WO-2026092927-A1 - METHOD FOR PERSISTING DATA
Abstract
A method for persisting data for assessing a technical installation is proposed. This involves a plurality of data sets being recorded, each of which comprises a plurality of measured variables, each measured variable comprising a plurality of measured values. The recorded data sets are stored in a data memory. The recorded data sets are clustered, data sets that have a relatively high degree of similarity to one another being identified as belonging to a common cluster. At least one data set from each identified cluster is selected, and at least one data set from at least one identified cluster is deselected. All measured values in the selected data sets are retained in the data memory, and all measured values in the deselected data sets are erased from the data memory.
Inventors
- Köhler, Stefan
Assignees
- SEW-EURODRIVE GMBH & CO KG
Dates
- Publication Date
- 20260507
- Application Date
- 20250925
- Priority Date
- 20241031
Claims (15)
- 1. A method for persisting data for the evaluation of a technical system, wherein a plurality of data records (10) are recorded, each comprising a plurality of measured variables, wherein each measured variable comprises a plurality of measured values, and wherein the recorded data records (10) are stored in a data storage device (20), characterized in that a clustering of the recorded data records (10) is carried out, wherein data records (10) which exhibit a relatively high degree of similarity to each other are recognized as belonging to a common cluster, and that at least one data record (10) is selected from each recognized cluster, and that at least one data record (10) is deselected from at least one recognized cluster, and that all measured values of the selected data records (10) are retained in the data storage device (20), and that all measured values of the deselected data records (10) are deleted from the data storage device (20).
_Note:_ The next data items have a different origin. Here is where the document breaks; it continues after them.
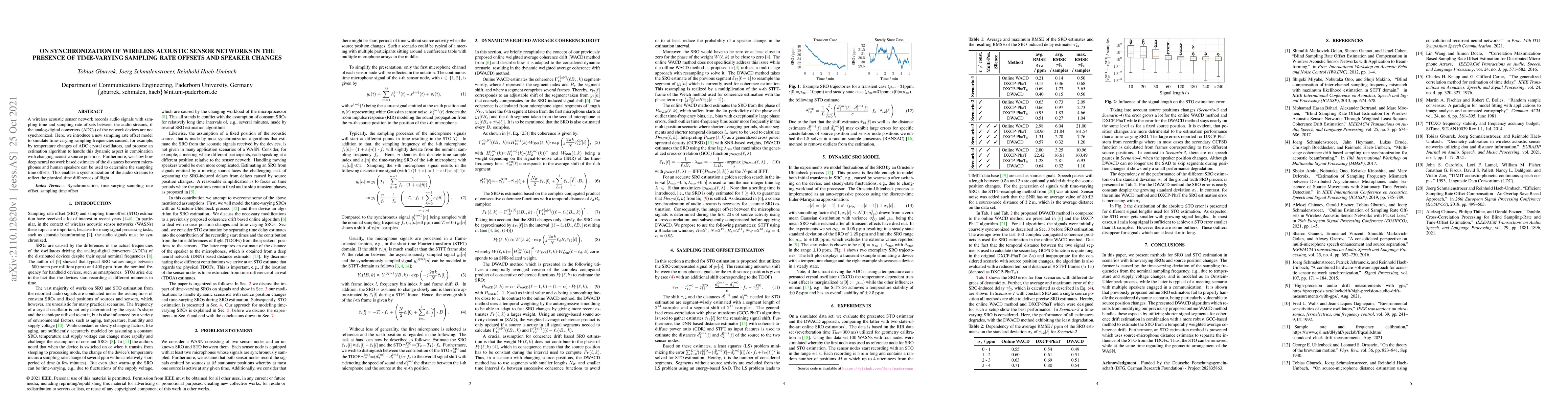 A wireless acoustic sensor network records audio signals with sampling time and sampling rate offsets between the audio streams, if the analog-digital converters (ADCs) of the network devices are not synchronized. Here, we introduce a new sampling rate offset model to simulate time-varying sampling frequencies caused, for example, by temperature changes of ADC crystal oscillators, and propose an estimation algorithm to handle this dynamic aspect in combination with changing acoustic source positions. Furthermore, we show how deep neural network based estimates of the distances between microphones and human speakers can be used to determine the sampling time offsets. This enables a synchronization of the audio streams to reflect the physical time differences of flight.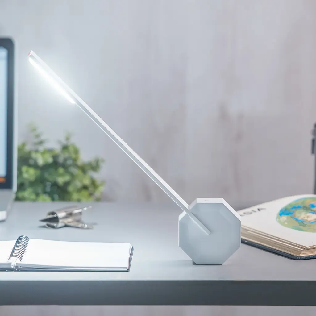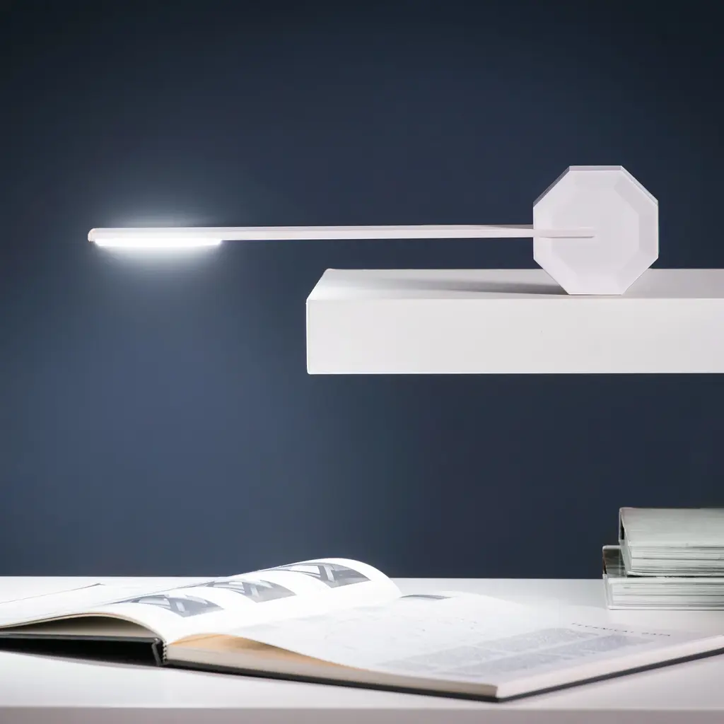 As functional as it is eye-catching, this wireless, rechargeable lamp features an adjustable octagonal base and touch-sensitive LED light with four different levels of brightness. The lamp can be easily positioned at three different angles, and the built-in, 3.7v rechargeable battery provides up to 48 hours of continuous light after charging for just four hours. The Octagon Desk Light is made from milled aluminum casing in either a natural wood finish or all white and features 36 LED light beads with light-diffusing cover. USB charging cable included. It’s 15” high (or long, depending on the position) and 3.4” wide. Available in wood finish or white. Color temperature 3700K Lumen with an approximately 50,000-hour LED lifespan. Output: 324lmNet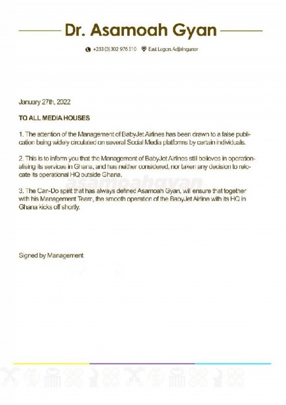 Des raisons de ce démenti, on peut souligner que des informations ayant circulé sur les réseaux sociaux et qui ont atteint leur pic hier jeudi ont laissé croire que Gyan projette de déplacer le siège de sa compagnie aérienne en Côte d'Ivoire voisine en raison de difficultés administratives que la société rencontre au Ghana. Les rumeurs ont laissé croire que Gyan est frustré par les responsables de l'industrie aéronautique au Ghana.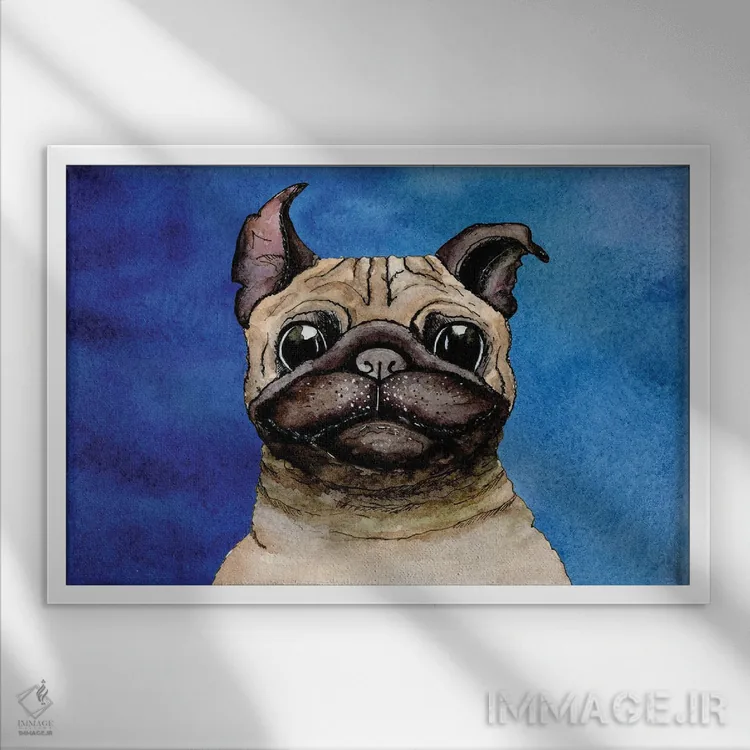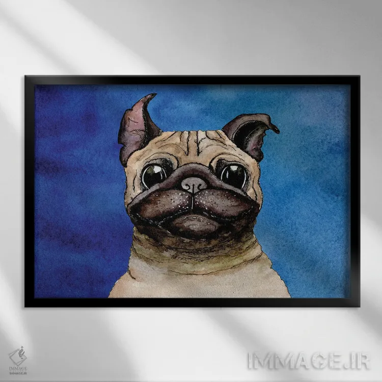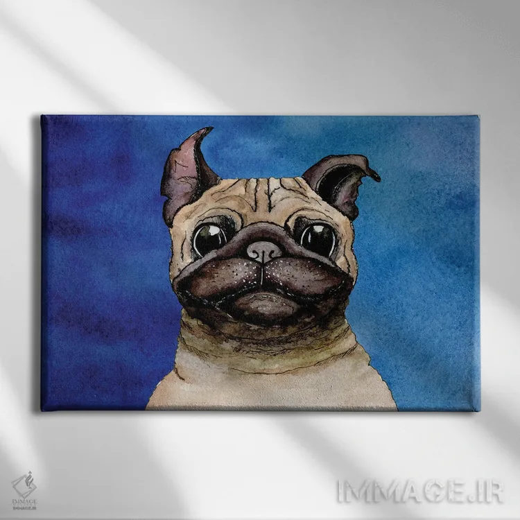 تابلو بولداگ روی زمینه آبی اثر گام۹۲ (هنرمند دیجیتال) - نمای پرسپکتیو محصول
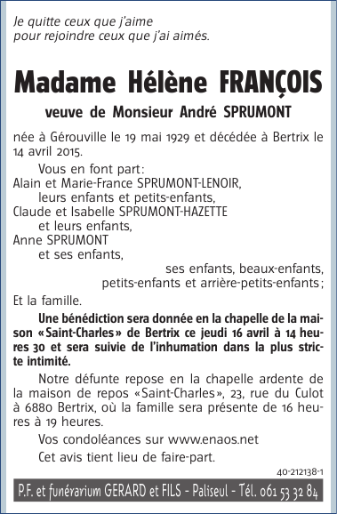 Overleden te Bertrix (6880) op dinsdag 14 april 2015 op 85-jarige leeftijd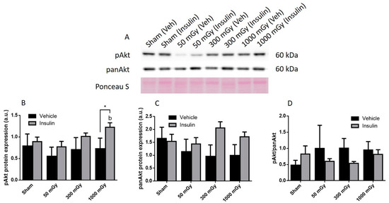 Representative western blot (A) and quantified band density (relative protein expression in arbitrary units) for phosphorylated Akt (pAkt) (B), Pan Akt (panAkt) (C), and the ratio of phosphorylated protein to total protein (D) in female offspring hearts. Results were normalized to loading controls (samples repeated on each gel) to account for differences between gels, and Ponceau S staining was used as a marker of equal protein loading. Data are presented as a mean ± SEM. *, denotes significantly different between vehicle and insulin injections, b—is significantly different from 50 mGy group, and p ≤ 0.05. n = 11–19 per group.
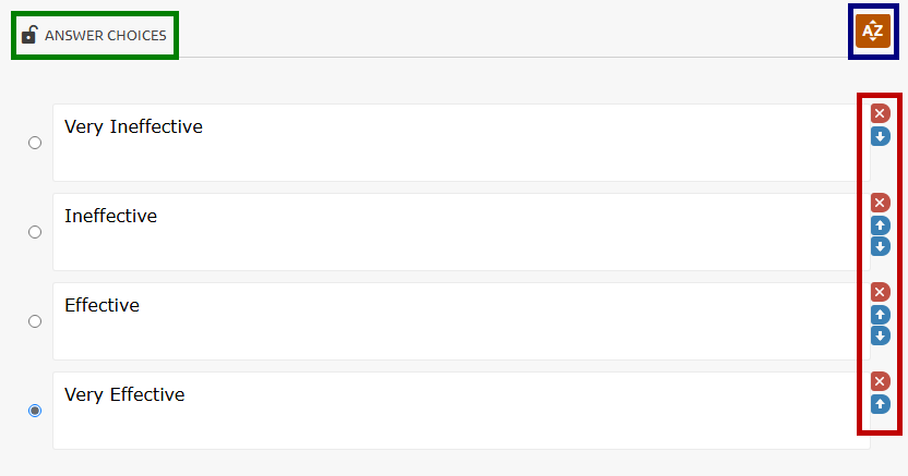 7. To alphabetize the answer choices click the AZ icon (highlighted in blue, above). Clicking this icon will position the distractors in alphabetical order based on their content.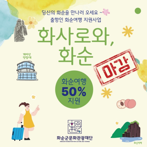 [무한뉴스=정민정 기자] (재)화순군문화관광재단(이사장 구복규)은 2025년 출향인 화순여행 지원사업 ‘화사로와, 화순’이 많은 사람들의 호응과 참여로 지난 7월 9일 지원 예산이 모두 소진되어 조기 마감됐다고 11일 밝혔다.
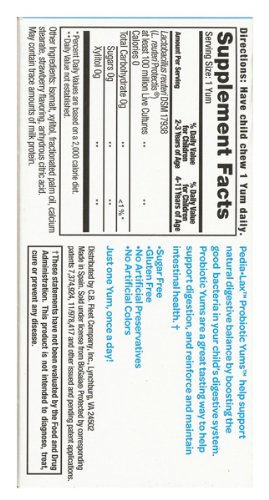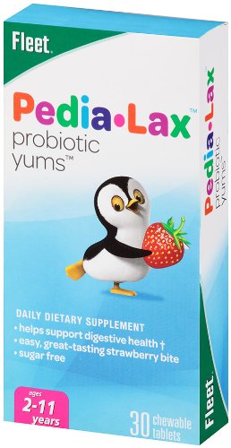 -. Binding : Health and Beauty -. Brand : Pedia-Lax -. EAN : 0301320001778 -. Feature : Easy way to support kids' digestive health with good bacteria / Formulated for kids ages 2-11 / As many live cultures as a serving of yogurt / Great-tasting strawberry flavor / Easy to chew, no need for liquid -. IsAdultProduct : 0 -. Label : Pedia-Lax -. LegalDisclaimer : Except as expressly set forth in the item description, seller makes NO EXPRESS OR IMPLIED warranties of any kind whatsoever about this merchandise.Seller is not responsible for consequential, incidental or punitive damages of any kind whatsoever. Seller's liability is limited to the amount paid by Buyer including shipping/handling charges. -. Manufacturer : Pedia-Lax -. Model : 301320001778 -. MPN : 0301320001778 -. NumberOfItems : 1 -. PackageQuantity : 1 -. PartNumber : 0301320001778 -. ProductGroup : Health and Beauty -. ProductTypeName : HEALTH_PERSONAL_CARE -. PublicationDate : 2013-02-26 -. Publisher : Pedia-Lax -. ReleaseDate : 2015-07-16 -. Size : 30 EA -. Studio : Pedia-Lax -. Title : Pedia-Lax Probiotic Yums, Strawberry, 30 Chewable Tablets -. UPC : 301320001778

- 2. Method according to one of the preceding claims, characterized in that a dimensionality reduction of the recorded data sets (10) is carried out before the clustering of the recorded data sets (10) is carried out.
- 3. Method according to one of the preceding claims, characterized in that data records (10) which do not exhibit a sufficiently high degree of similarity to any of the other data records (10) are selected.
- 4. Method according to one of the preceding claims, characterized in that the data records (10) are recorded during a defined period of time and stored in the data storage (20), and that the clustering of the recorded data records (10) is carried out after the defined period of time has elapsed.
- 5. Method according to one of the preceding claims, characterized in that a compressed representation of the deselected data sets (10) is calculated from the measured values of the deselected data sets (10) and stored in the data storage (20).
- 6. Method according to one of the preceding claims, characterized in that a compressed representation of the selected data sets (10) is calculated from the measured values of the selected data sets (10) and stored in the data storage (20).
- 7. Method according to one of claims 5 to 6, characterized in that the compressed representation of the data sets (10) is calculated by lossy compression of the measured values of the data sets (10), or that the compressed representation of the data sets (10) is calculated using a machine learning model trained on the measured values of the data sets (10), or that the compressed representation of the data sets (10) is calculated by line simplification of the measured values of the data sets (10).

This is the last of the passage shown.